Studio album by Salvador
- Released: November 9, 2004
- Genre: Christian rock, contemporary Christian music, Latin rock
- Length: 46:37
- Label: Word
- Producer: Chris Rodriguez, Nic Gonzales, Chris Bevins

Salvador chronology
| Con Poder (2003) | So Natural (2004) | Que Tan Lejos Esta Cielo (2005) |

= So Natural (Salvador album) =

So Natural is the fourth studio album released by the Christian rock band, Salvador.

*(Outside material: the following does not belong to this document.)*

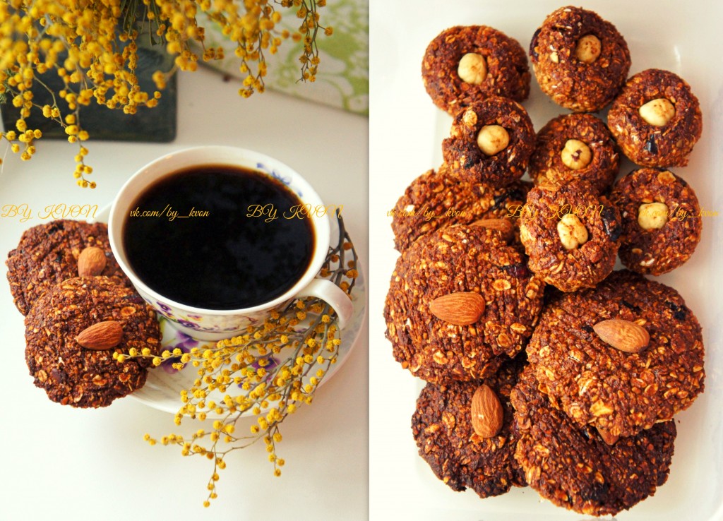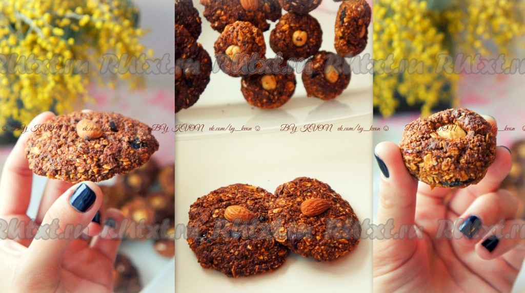 Заранее подготовьте овсяные хлопья, просушите их при температуре 160-180 градусов в духовке (15-20 минут). К "тесту" добавить подсушенные овсяные хлопья.

The single "Heaven" off the release ranked number No. 2 on Billboards Hot Christian Songs. The song "You Are There" also reached No. 27 on the same chart.

Professional ratings
Review scores
| Source | Rating |
| Jesus Freak Hideout | Star Half star |
| SoulShine | Star |

==Track listing==

- "La Palabra" is sung completely in Spanish.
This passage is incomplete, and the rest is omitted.